** AIM OF THE EXERCISE **
Repeat the lines below exactly as written, please, from the line with "Expertos prevén que" to the line with "3月27日,乌鲁木齐市沙依巴", both lines included, and no others.

** PROVIDED RECORDS **

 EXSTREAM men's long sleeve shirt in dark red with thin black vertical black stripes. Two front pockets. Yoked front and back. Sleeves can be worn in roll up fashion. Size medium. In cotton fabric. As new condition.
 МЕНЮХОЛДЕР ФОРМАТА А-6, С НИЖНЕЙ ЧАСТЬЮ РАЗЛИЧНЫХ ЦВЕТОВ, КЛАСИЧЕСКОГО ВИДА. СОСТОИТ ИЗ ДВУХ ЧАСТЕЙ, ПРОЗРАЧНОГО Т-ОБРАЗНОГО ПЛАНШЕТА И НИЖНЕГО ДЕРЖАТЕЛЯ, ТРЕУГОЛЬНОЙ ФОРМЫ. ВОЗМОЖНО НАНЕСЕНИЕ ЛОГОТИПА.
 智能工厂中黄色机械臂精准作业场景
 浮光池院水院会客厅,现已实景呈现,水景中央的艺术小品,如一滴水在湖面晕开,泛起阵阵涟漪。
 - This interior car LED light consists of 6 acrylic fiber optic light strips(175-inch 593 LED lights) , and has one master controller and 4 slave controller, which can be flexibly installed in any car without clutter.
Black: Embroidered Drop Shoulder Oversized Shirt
...
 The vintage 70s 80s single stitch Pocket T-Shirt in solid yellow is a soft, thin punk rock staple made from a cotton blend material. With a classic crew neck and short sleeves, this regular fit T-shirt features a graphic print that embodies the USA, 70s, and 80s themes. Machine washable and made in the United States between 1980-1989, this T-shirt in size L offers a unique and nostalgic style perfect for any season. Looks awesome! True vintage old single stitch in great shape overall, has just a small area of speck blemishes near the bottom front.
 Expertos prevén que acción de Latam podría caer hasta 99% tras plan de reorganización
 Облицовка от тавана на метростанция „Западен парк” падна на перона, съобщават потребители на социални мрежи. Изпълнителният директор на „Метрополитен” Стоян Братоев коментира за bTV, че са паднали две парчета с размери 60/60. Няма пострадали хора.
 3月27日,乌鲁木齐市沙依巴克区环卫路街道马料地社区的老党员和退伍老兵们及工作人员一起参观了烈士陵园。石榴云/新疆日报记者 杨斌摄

** RESPONSE TO THIS EXERCISE **
 Expertos prevén que acción de Latam podría caer hasta 99% tras plan de reorganización
 Облицовка от тавана на метростанция „Западен парк” падна на перона, съобщават потребители на социални мрежи. Изпълнителният директор на „Метрополитен” Стоян Братоев коментира за bTV, че са паднали две парчета с размери 60/60. Няма пострадали хора.
 3月27日,乌鲁木齐市沙依巴克区环卫路街道马料地社区的老党员和退伍老兵们及工作人员一起参观了烈士陵园。石榴云/新疆日报记者 杨斌摄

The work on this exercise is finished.